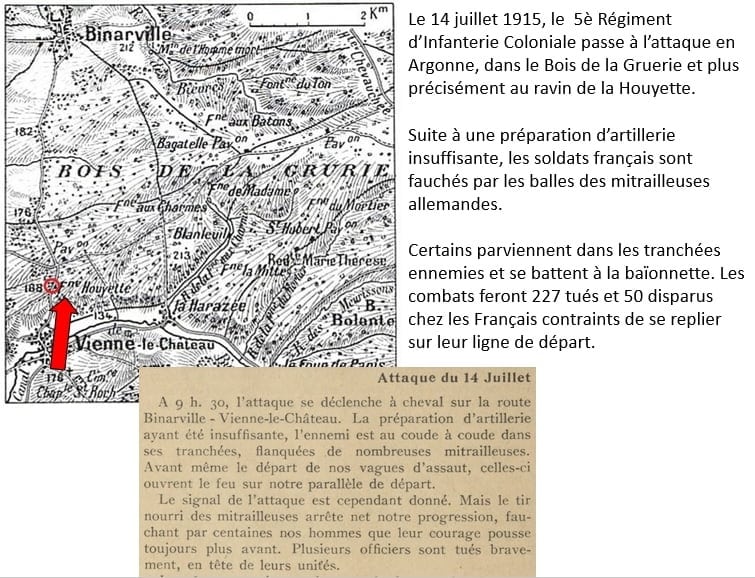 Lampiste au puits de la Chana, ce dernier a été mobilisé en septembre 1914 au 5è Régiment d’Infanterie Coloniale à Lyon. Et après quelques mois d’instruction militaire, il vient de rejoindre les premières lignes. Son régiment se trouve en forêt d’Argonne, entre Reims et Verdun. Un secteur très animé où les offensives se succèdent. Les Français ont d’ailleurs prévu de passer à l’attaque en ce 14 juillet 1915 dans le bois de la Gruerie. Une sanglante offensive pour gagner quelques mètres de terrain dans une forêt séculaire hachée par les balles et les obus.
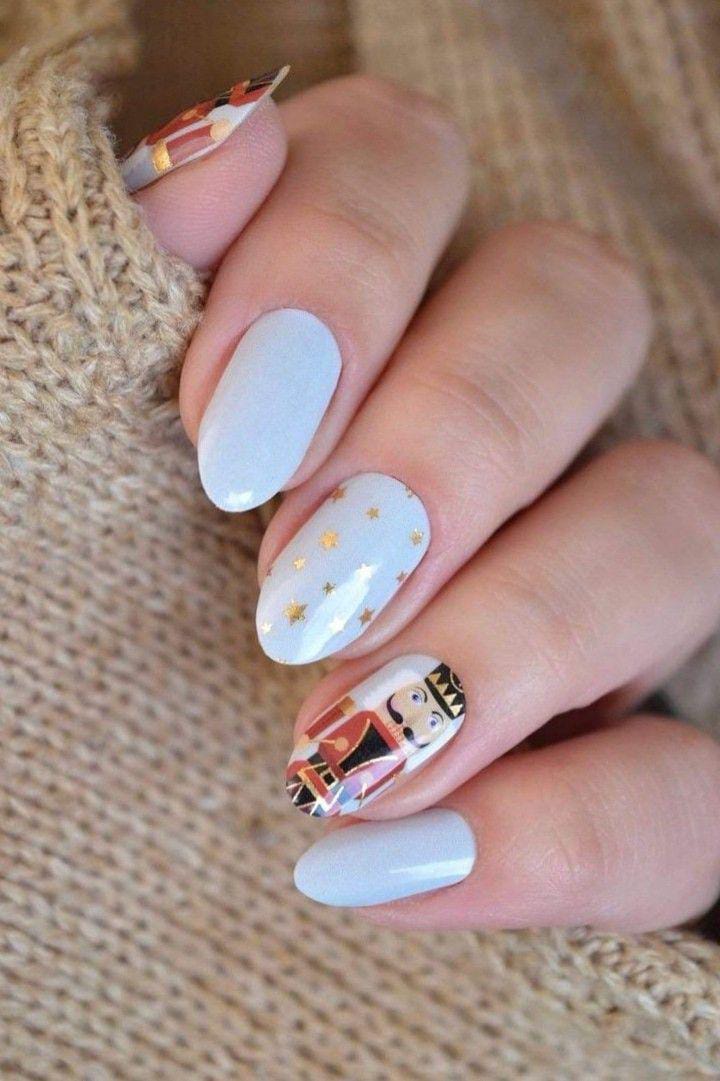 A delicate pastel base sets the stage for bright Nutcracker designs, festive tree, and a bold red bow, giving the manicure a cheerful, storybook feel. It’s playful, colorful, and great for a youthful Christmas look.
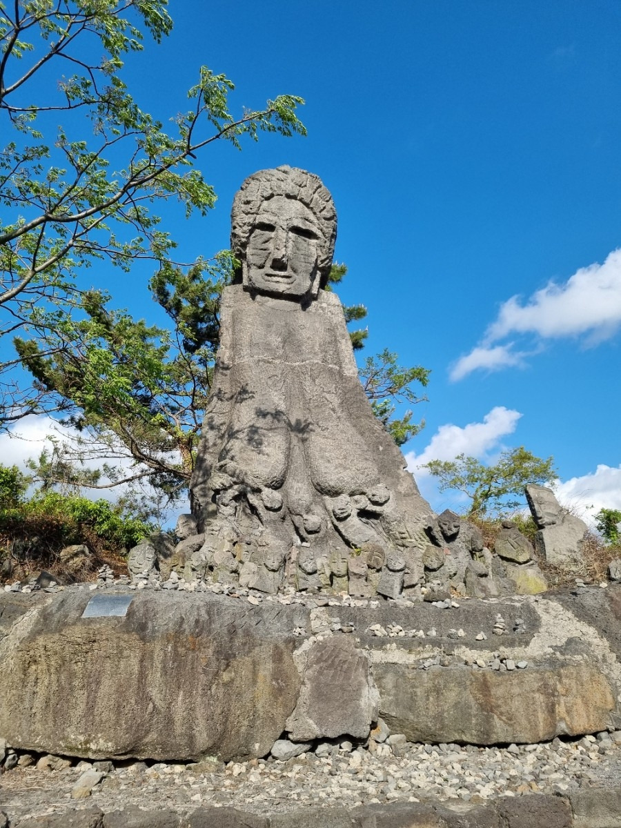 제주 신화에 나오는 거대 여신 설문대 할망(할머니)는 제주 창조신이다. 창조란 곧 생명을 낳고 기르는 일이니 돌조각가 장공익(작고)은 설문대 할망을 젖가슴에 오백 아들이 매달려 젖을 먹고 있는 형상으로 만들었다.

...

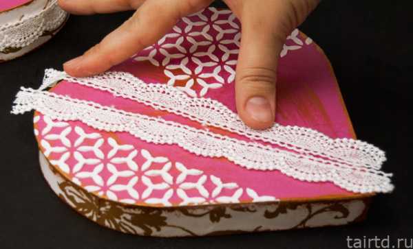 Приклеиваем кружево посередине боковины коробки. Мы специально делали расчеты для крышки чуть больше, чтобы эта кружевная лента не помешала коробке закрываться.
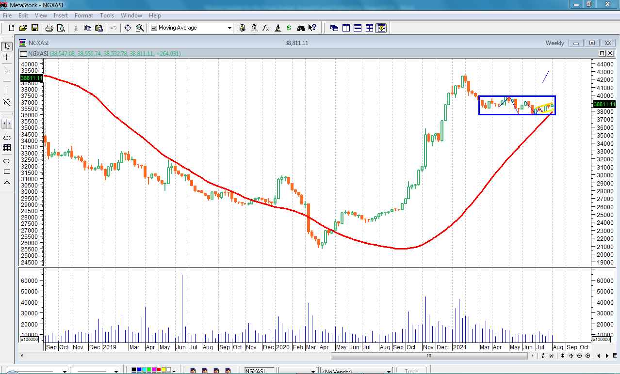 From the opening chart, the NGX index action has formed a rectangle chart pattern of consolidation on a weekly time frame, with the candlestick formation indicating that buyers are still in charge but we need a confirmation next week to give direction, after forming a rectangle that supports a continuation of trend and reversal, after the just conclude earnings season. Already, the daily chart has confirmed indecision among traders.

◆ **WORK ORDER**:
Would you give again, exactly, the lines in the data above that run from the line containing "A delicate pastel" to the line containing "제주 신화에 나오는 거대"? Include both ends and no pictures.

◆ **TASK RESPONSE**:
 A delicate pastel base sets the stage for bright Nutcracker designs, festive tree, and a bold red bow, giving the manicure a cheerful, storybook feel. It’s playful, colorful, and great for a youthful Christmas look.
 제주 신화에 나오는 거대 여신 설문대 할망(할머니)는 제주 창조신이다. 창조란 곧 생명을 낳고 기르는 일이니 돌조각가 장공익(작고)은 설문대 할망을 젖가슴에 오백 아들이 매달려 젖을 먹고 있는 형상으로 만들었다.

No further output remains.